• **Problem**
Below are entries. Copy exactly the lines running from the line that holds "pay tribute to" to the line that holds "Yuma bra, £118, and", with both ends included.

• **Exercise data**
* * *
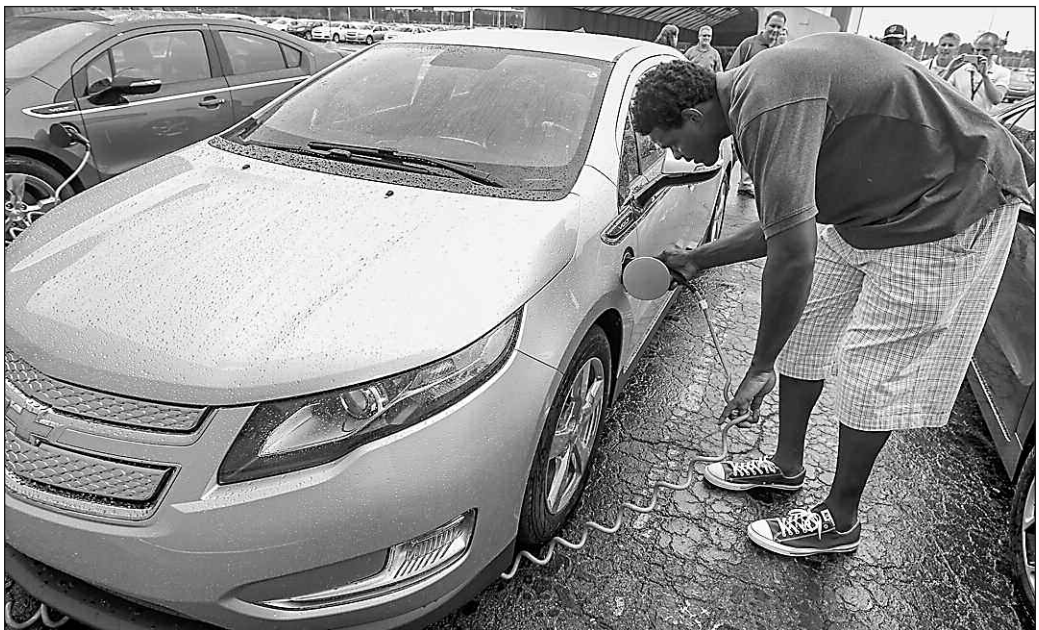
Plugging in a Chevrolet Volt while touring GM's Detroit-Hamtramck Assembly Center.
* * *
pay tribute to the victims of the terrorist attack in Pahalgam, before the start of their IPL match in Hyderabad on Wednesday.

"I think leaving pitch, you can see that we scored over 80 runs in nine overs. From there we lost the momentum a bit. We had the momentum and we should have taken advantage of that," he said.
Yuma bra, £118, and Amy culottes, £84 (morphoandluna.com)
* * *
• **Result for this task**
pay tribute to the victims of the terrorist attack in Pahalgam, before the start of their IPL match in Hyderabad on Wednesday.

"I think leaving pitch, you can see that we scored over 80 runs in nine overs. From there we lost the momentum a bit. We had the momentum and we should have taken advantage of that," he said.
Yuma bra, £118, and Amy culottes, £84 (morphoandluna.com)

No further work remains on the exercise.